The invention relates to a shock absorber for damping courses of motion of a vehicle as defined herein. A shock absorber has been set forth by which the damping force is variable by means of an electromagnetic valve assembly. The valve assembly is disposed on the damper piston. It includes a magnet coil, an armature and a control slide connected to the armature; the position of the control slide determines the throttling of the pressure fluid flowing back and forth between the two work chambers.
Relative major forces are necessary to actuate the control slide. These forces have to be generated by the magnet coil. This means that a large, heavy, unfavorably expensive magnet coil must be provided. Because of the major forces, short switching times, which are often desired and necessary, are presumably not always attainable.

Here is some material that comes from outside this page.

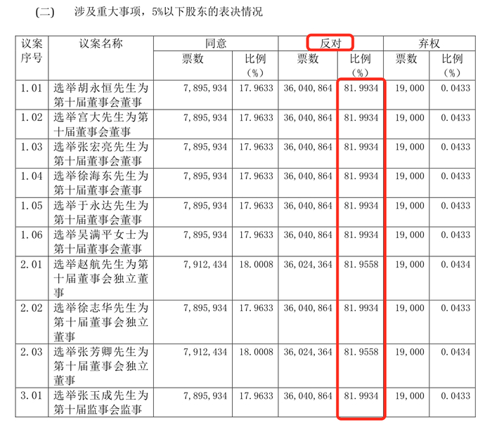 从公告看,第十届董事会、监事会选举投票中,5%以下股东的反对率是较高的。

In the heretofore set forth device the force of the magnet coil determines the position of the control slide, and this position in turn determines a size of throttle cross section. In a shock absorber with a variable throttle cross section, however, what is primarily sought is not so much to control the size of the throttle cross section, but rather to control the damping force and hence the damping of courses of motion, which is directly dependent on a differential pressure between the two work chambers. If the throttle cross section is controlled, then the damping force is dependent not only on the throttle cross section but also on a relative speed between the damper piston and the cylinder, and on the viscosity of the pressure fluid, for example, among other factors. The viscosity can fluctuate relatively markedly, for instance as a function of temperature.
The valve assembly in the known structure is disposed on the damper piston. Other shock absorbers are known, however, in which a valve assembly is provided outside the cylinder.